Urban phenomena are notoriously hard to model. They happen in a dynamic setting and are multi-scale by nature. Fortunately, we have a lot of data at our disposal and thus rely heavily on machine learning models to make sense of these 4 verticals.
This reliance on machine learning means that the development of models should be as seamless as possible and going from a prototype (usually a jupyter notebook) to production as fast as possible. That wasn’t always the case.
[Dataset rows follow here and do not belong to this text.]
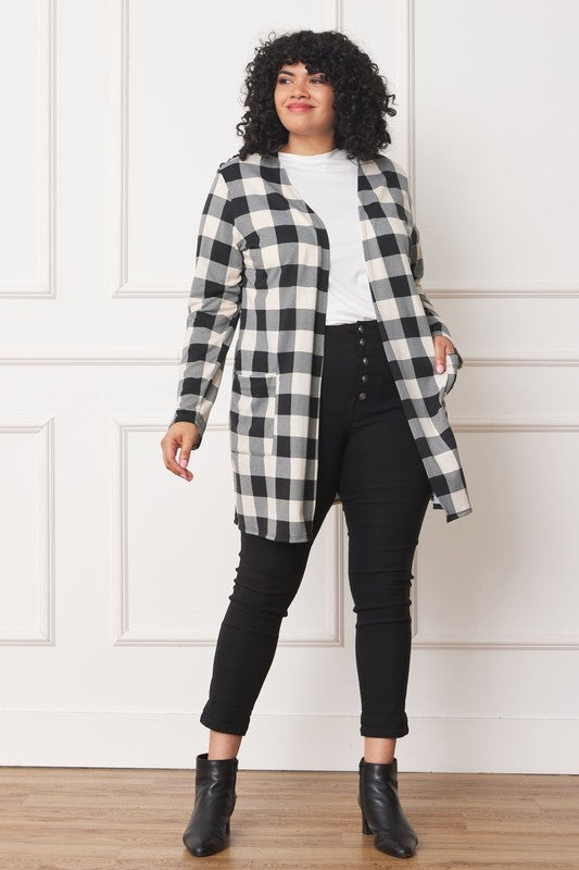 EKJ1066 Red Long Buffalo Plaid Open Cardigan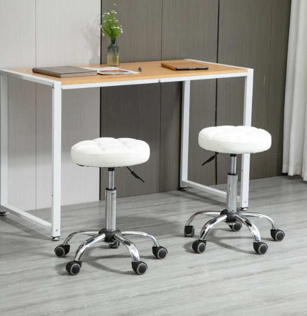 Салонний табурет від HOMCOM регулюється на потрібну висоту для створення ідеального робочого місця. М’яке сидіння забезпечує комфорт навіть протягом тривалого сидіння. Чохол зі штучної шкіри простий у догляді. І ви можете регулювати висоту сидіння відповідно до ваших потреб, що дуже зручно. 5 коліщаток і сидіння, що обертається, дозволяють легко ковзати в робочому просторі.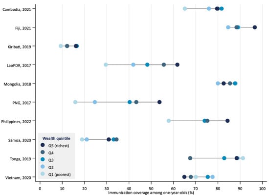 Several limitations must be acknowledged. First, the analysis included less than half of the countries in the Region that had available disaggregated data post-2015, and, therefore, the findings may not be generalizable to countries without recent or high-quality data. Second, household surveys, such as the DHS and MICS, are subject to recall bias and may underrepresent hard-to-reach populations, potentially underestimating true inequalities. Relatedly, the proportion of vaccination data based on records versus caregiver recall varied across countries, which may affect the comparability and robustness of estimates. These differences in data sources highlight the importance of cautious interpretation, as reliance on recall may introduce additional bias in some settings. Third, differences in survey design and implementation may limit the comparability of results across countries and time. Finally, the use of wealth quintiles captures relative economic position within countries but may not fully reflect multidimensional poverty or intersecting inequities (e.g., by geography, ethnicity, or maternal education). Importantly, the DHS and MICS wealth index is constructed from household assets, dwelling characteristics, and access to basic services, and does not directly include access to health services, reducing the risk of circularity in the findings. Further studies should investigate immunization inequalities by other dimensions, as well as how these factors intersect with each other. Of particular relevance to the Western Pacific Region are geographic barriers, especially in Pacific island countries, where populations are dispersed across remote outer islands. In such settings, supply-side challenges—including limited cold-chain capacity, irregular transport links, and constrained health workforce availability—can make timely vaccine delivery difficult and dependent on infrequent outreach visits [37,38].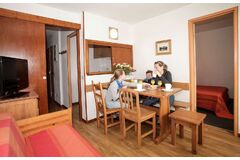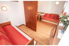 Apartmán 6 (cca 30 m²) = obývací pokoj s rozkládacím gaučem pro 2 osoby, výklenek s palandou, vybavený kuchyňský kout, ložnice s manželskou postelí nebo oddělenými lůžky, koupelna nebo sprchový kout a samostatné WC, balkón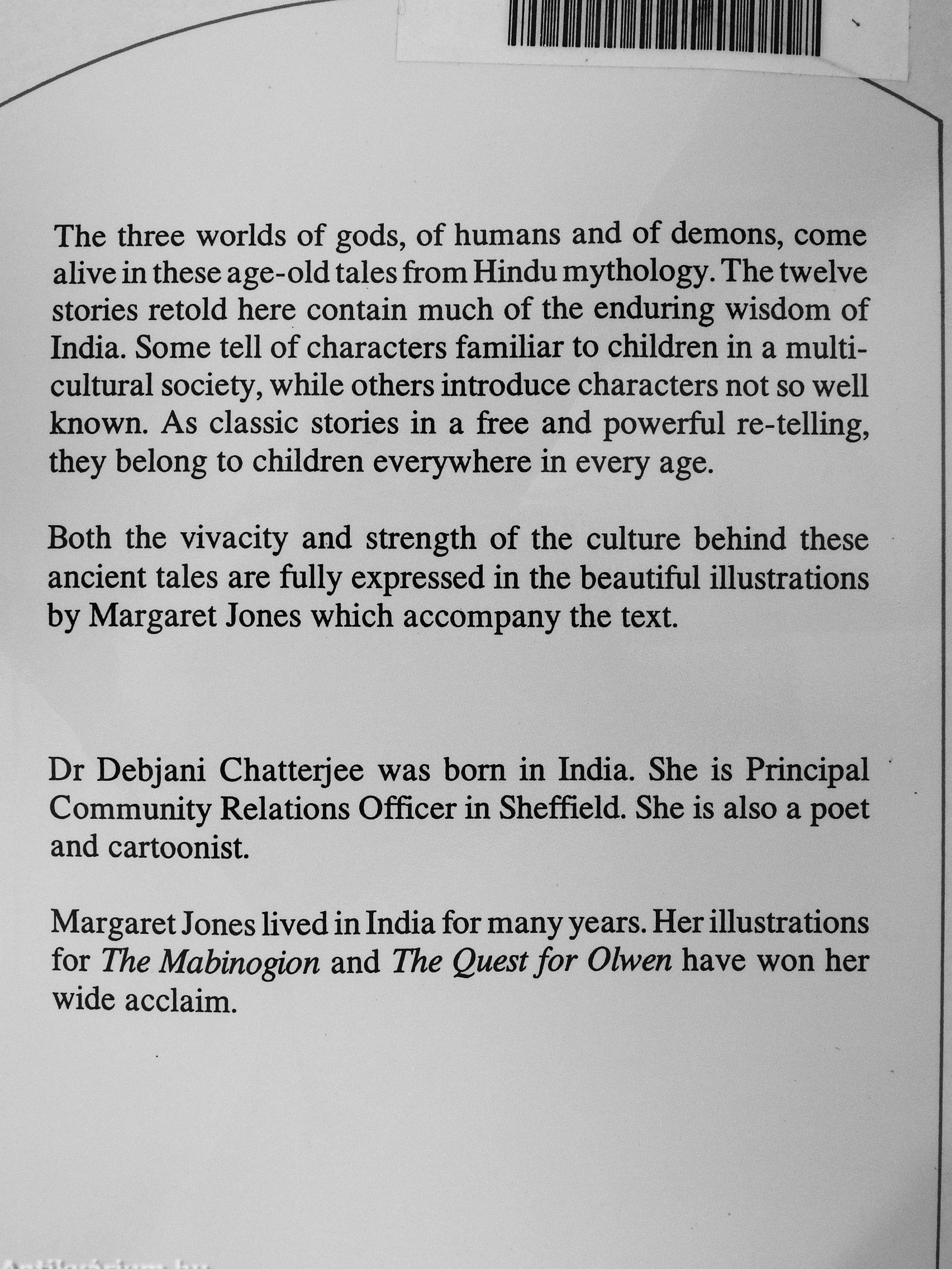 The three worlds of gods, of humans and of demons, come alive in these age-old tales from Hindu mythology. The twelve stories retold here contain much of the enduring wisdom of India, Some tell of characters familiar to children in a multicultural society, while others introduce characters not so well known. As classic stories in a free and powerful re-telling, they belong to children everywhere in every age.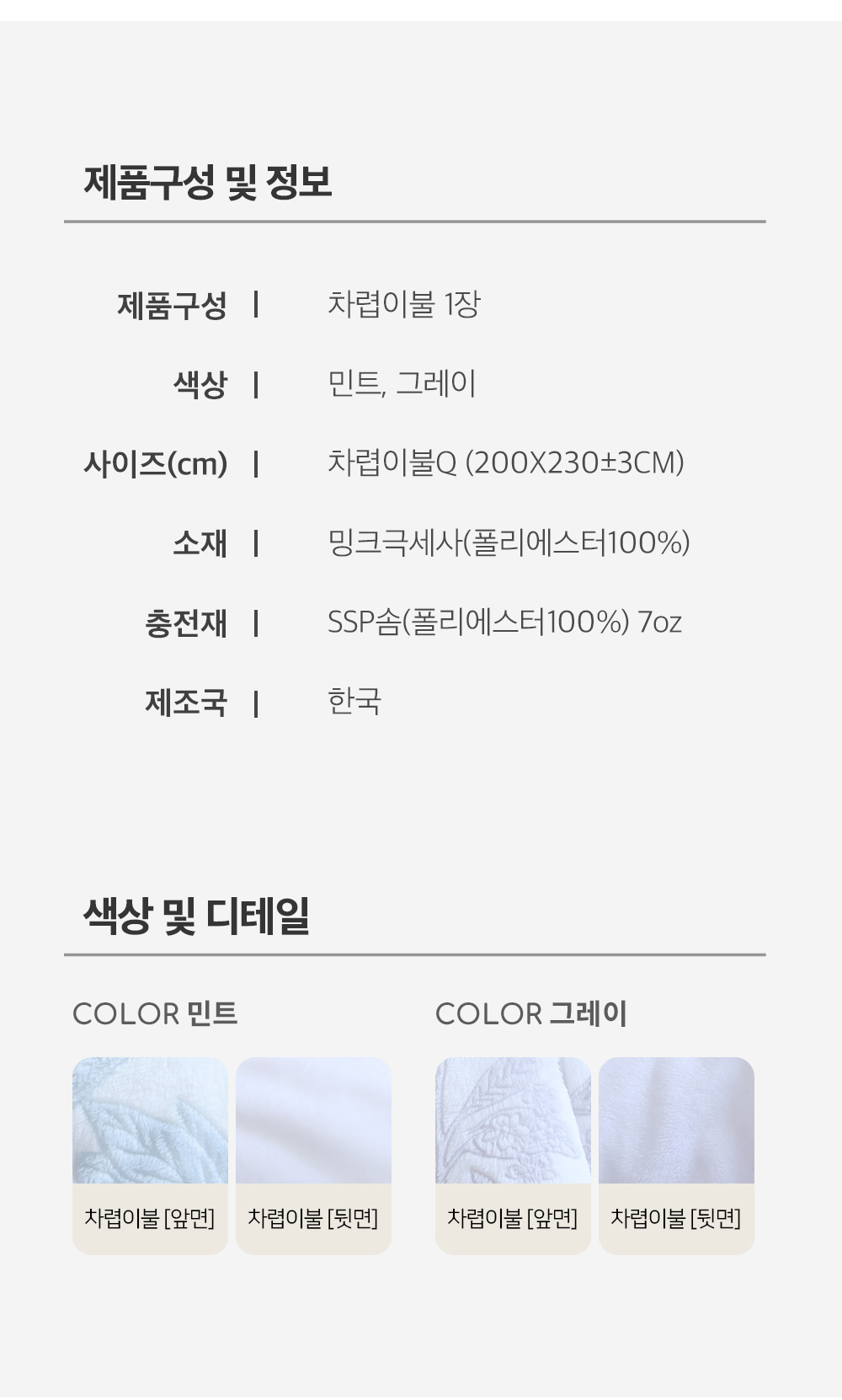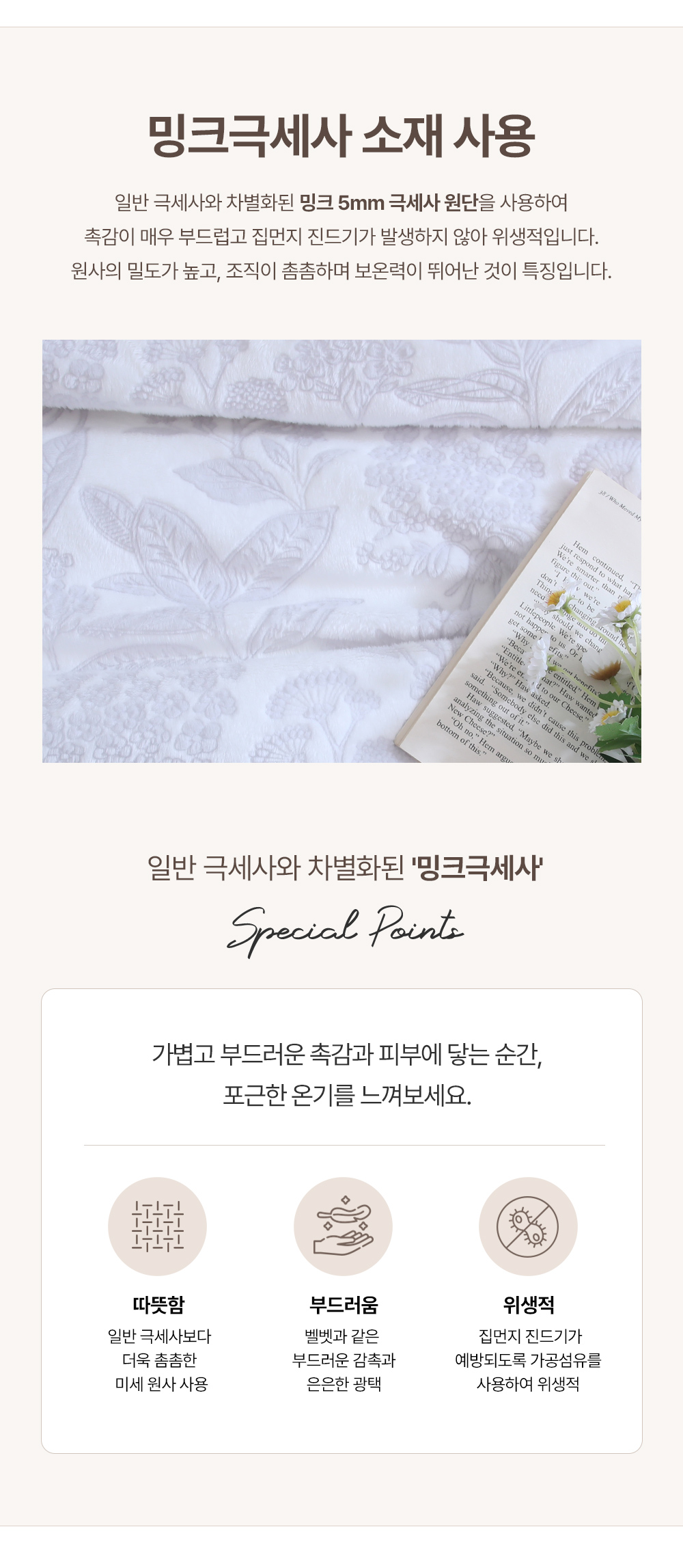 | 제품소재 | 겉감1 : 밍크 극세사 착번아웃 (폴리에스터 100%) 겉감2 : 밍크 극세사 솔리드 (폴리에스터 100%) 충전재 : SSP솜 (폴리에스터 100%, 7온스) |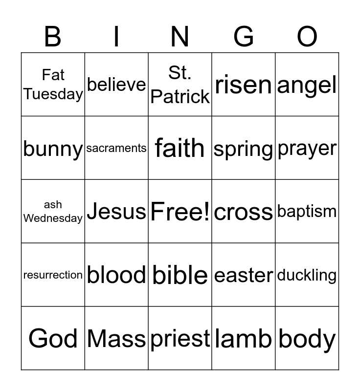 This bingo card has a free space and 29 words: God, Holy Spirit, Jesus, Mary, Fat Tuesday, St. Patrick, sacraments, blood, cross, Mass, baptism, body, priest, lamb, prayer, lent, bible, resurrection, angel, ash Wednesday, easter, holy water, spring, bunny, risen, believe, duckling, faith and Good Friday.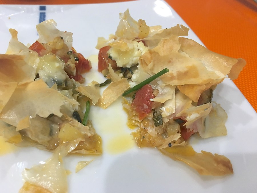 Crujiente de calabacín y queso de cabra.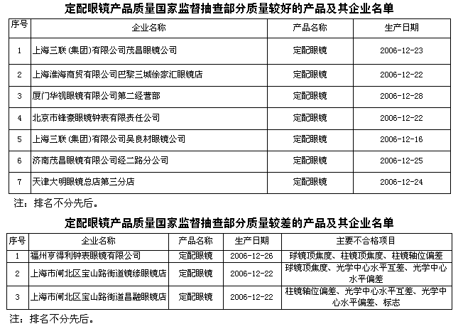 為維護(hù)消費者的合法權(quán)益,促進(jìn)定配眼鏡行業(yè)健康發(fā)展,國家質(zhì)檢總局組織對定配眼鏡產(chǎn)品質(zhì)量進(jìn)行了國家監(jiān)督抽查。共抽查了北京、天津、上海、江蘇、河南、福建、山東等7個省、直轄市99家生產(chǎn)企業(yè)的99種產(chǎn)品,產(chǎn)品抽樣合格率為86.9%。自2000年起已連續(xù)8次對定配眼鏡產(chǎn)品質(zhì)量進(jìn)行了跟蹤抽查,促進(jìn)了產(chǎn)品質(zhì)量的不斷提高。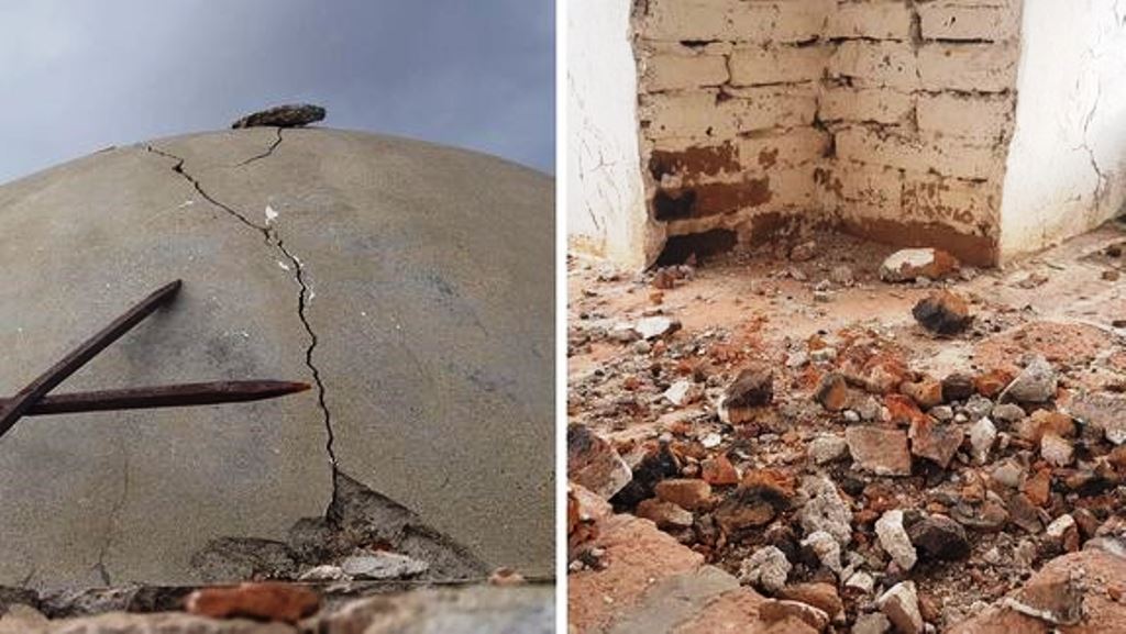 “La iglesia de Santa Bárbara ubicada en lo alto del poblado, data de 1764, construida en adobe y cubierta de tejas, lamentablemente sufrió el derrumbe de la torre campanario, sin presentar daños en su nave central y su cubierta. En un primer registro podemos asegurar que la reconstrucción total de la torre y otras observaciones que forman parte del informe preliminar son fundamentales, pero estamos avanzando en el diagnóstico integral de ambas iglesias”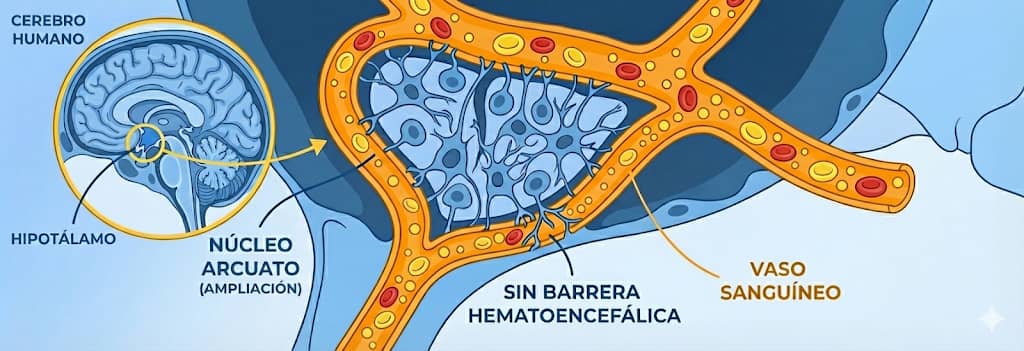 Esquema representativo de la posición del núcleo arcuato dentro del hipotálamo y el cerebro, y su gran irrigación sanguínea.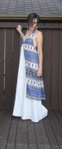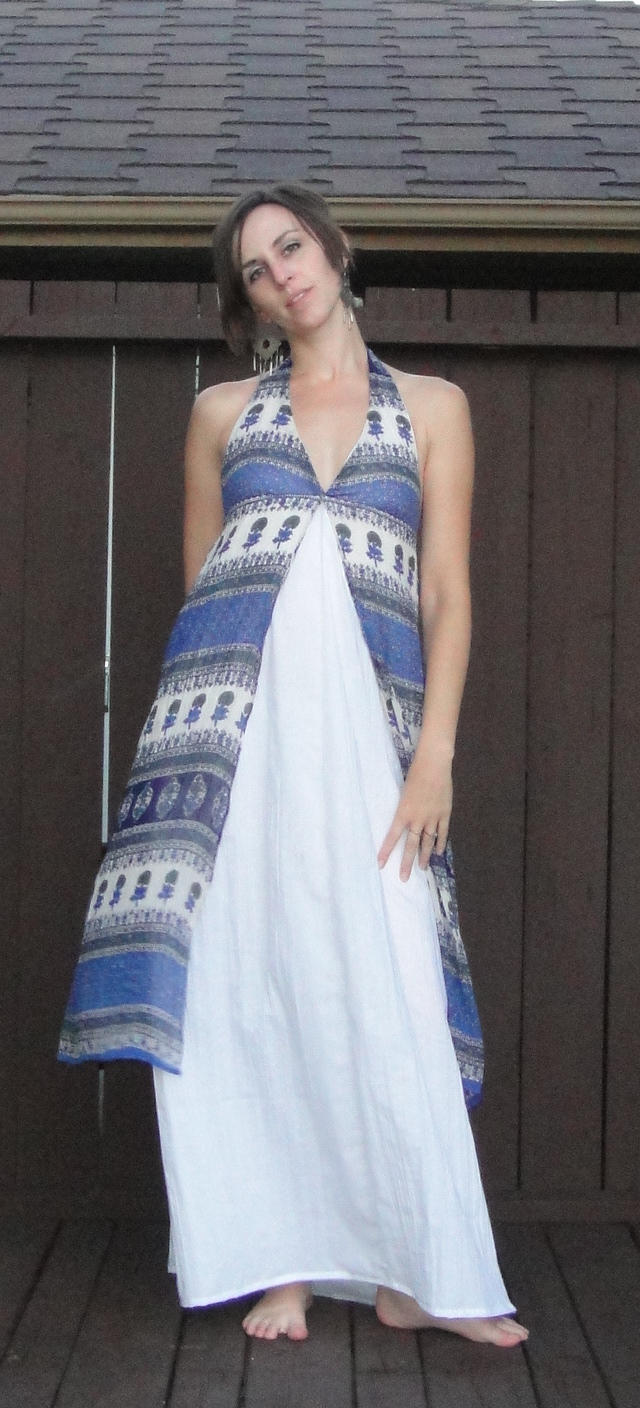 I added the patterned overskirt because I thought it would be pretty; the gauzy patterned cloth, as I mentioned before, was a broomstick skirt I’ve had forever. I like how it looks although it was a pain to cut out (especially since I wasn’t using pins).

In fact, in the early days of Qucit, developing and putting a new ML model into production was challenging. Indeed, each new model meant writing new training pipelines, code for features creations, model deployment, and many more. This resulted in a lot of code duplication, strong coupling between data science and API development, and made the deployment of new models a diffused responsibility : should it be done by a data scientist, a back-end engineer, or both?
Moreover, having a different workflow for each vertical would be a nightmare to manage, deploy, and ultimately scale.
Is there a better solution?
An ML platform to the rescue
As you may have guessed it, a platform is the way to go.
We started developing a suite of ML services that form the backbone of our ML platform. These services form the Urban Predictive Platform or UPP for short.
Let’s take a step back and focus on why we needed an ML platform in the first place:
- Enable the company as a whole to rapidly iterate on the various verticals: this is a core principle that governs a lot of what we do at Qucit. More specifically, enable data scientists and product managers to build and deploy models more reliably.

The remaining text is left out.